James Mielke of 1UP.com expressed surprise at how popular the character had remained through the years, noting her as one of gaming's first three dimensional female video game characters, predating Lara Croft. Examining the reasons, he suggested that a lot of the appeal may be due to her design such as her long legs or cheerful demeanor presented in the games. Elaborating on the latter, he felt this provided the Ridge Racer series with something other racing game franchises lacked, providing character to the titles with a touch of personality and charm, and that her return to the series after Ridge Racer V helped the series feel whole again for many fans. The latter sentiment was shared by the staff of PSM, stating that despite only being seen in part in the games her presence and style was always there, and alongside Ai helped define the series with "their unmatched style and grace."

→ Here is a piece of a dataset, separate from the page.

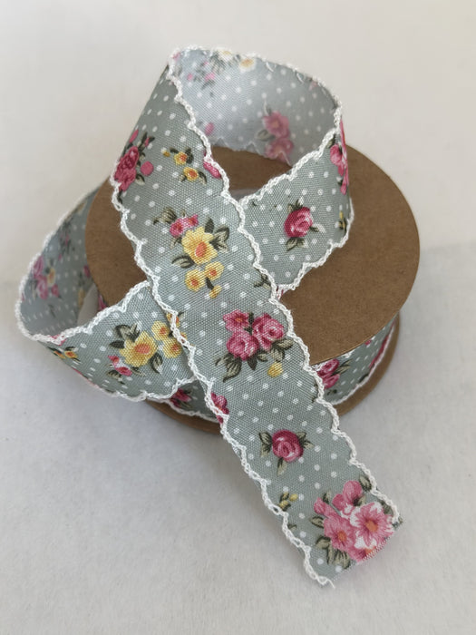 - Ribbon for Gift Wrapping - Classic farmhouse 1 inch x 10 yds ribbon with a pastel floral print on light blue gray ribbon with white polka dots and white embroidered edges - Comprised of 100% Polyester
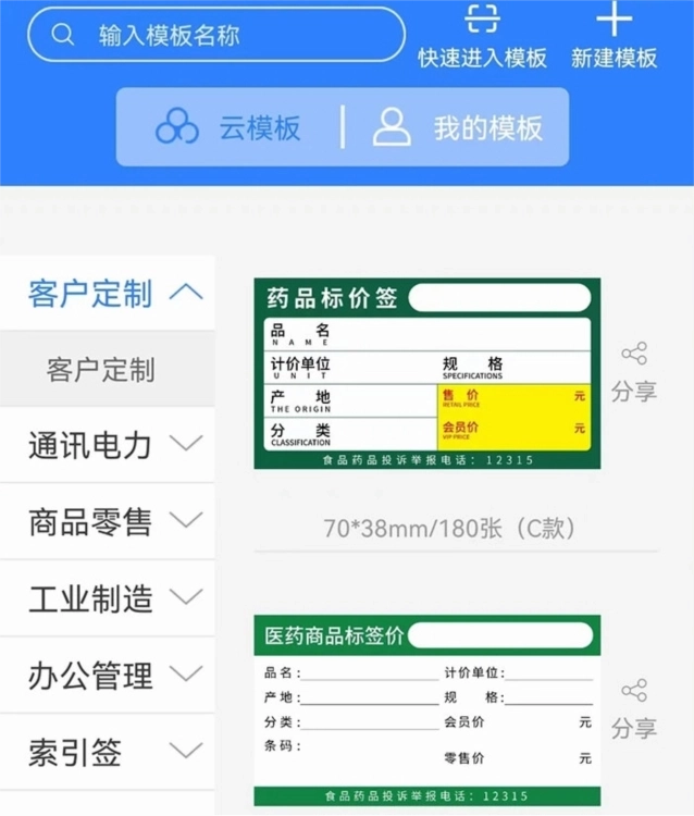 当与热敏打印机配合使用时,可提供食品日期标签、物流面单等专属模板。

Meanwhile, her role in Type 4 received praise for how it expanded upon her character and gave her a private life to view. The staff of Inside enjoyed how Reiko acted as a "hidden heroine" in the title, sending the player messages of encouragement during the game's story mode if proper conditions were met. They found this to be a rare moment provided by racing games, adding an element of human drama to the title and allowing her to shine. Universitas Islam Negeri Raden Mas Said Surakarta Associate Professor Luthfie Arguby Purnomo also discussed this aspect of her character, citing her as an example of how a mascot in a game can impact the micronarratives in games for characters. Describing her as having a cheerful personality and established as a "cyberbabe", he felt her presence was seen as vital to the games as it helped provide a reward in the form of fan service that encouraged engagement from players who would hope doing so would lead to interactions with her.

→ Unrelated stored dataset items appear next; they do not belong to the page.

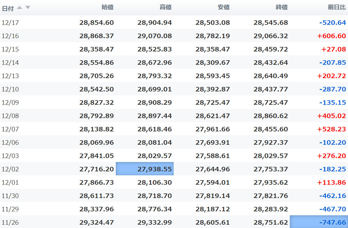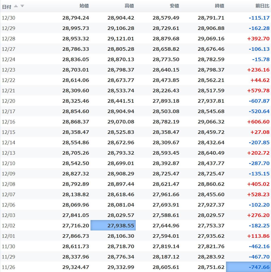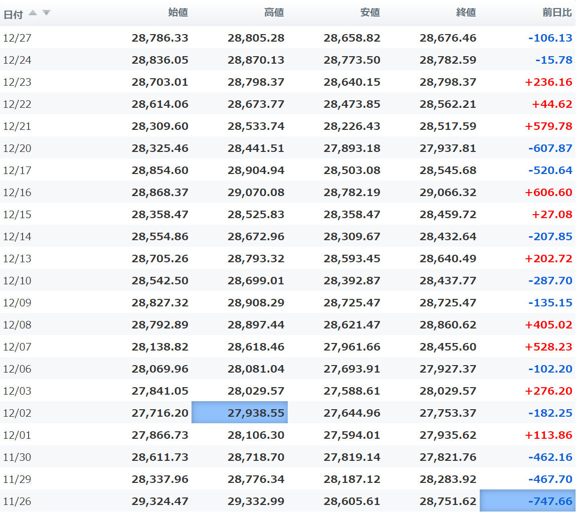 年初は2月にワクチンによる正常化期待が強まり、2月15日には30年ぶりの高値を回復。翌2月16日には30,715.52円をつけたものの、夏には8月20日に場中安値で2万7千円割れまで突っ込んだ。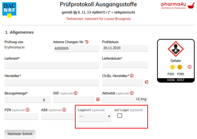 Ab sofort finden Sie auch in den Herstellungsanweisungen alle relevanten Gefahrstoffhinweise zu den verwendeten Ausgangsstoffen. Die nötigen Maßnahmen zum Arbeitsschutz sind vorausgefüllt und können optional noch ergänzt werden.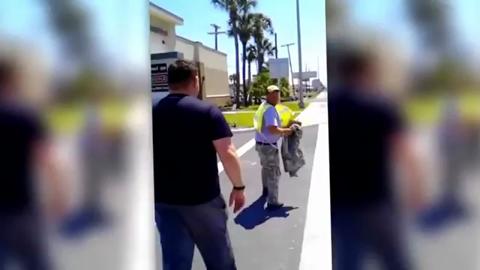 Emotionally-charged video shows the moment an angry Army veteran called out a panhandler in Tampa, Florida for faking a military

However, Bath Spa University Professor of Digital Media James Newman in his book Videogames was critical of Reiko's usage in the games. Calling her "the epitome outmoded and outdated stereotyping" due to her usage being primarily in promotional material with limited involvement in the games, he felt she served as an example of how female characters are often relegated to the background compared to their male or even non-human counterparts, in this case the cars in the Ridge Racer series. He referenced her again in the book Teaching Videogames, suggesting that readers avoid using a character in such a manner as it could be considered off-putting to female viewers, and posed the question to consider issues that may arise from such representation of women in media. Barbara Connell in the book Exploring the Media also criticized Reiko's usage, describing her as heavily sexualized and an example of how female characters are often used as props or bystanders in games.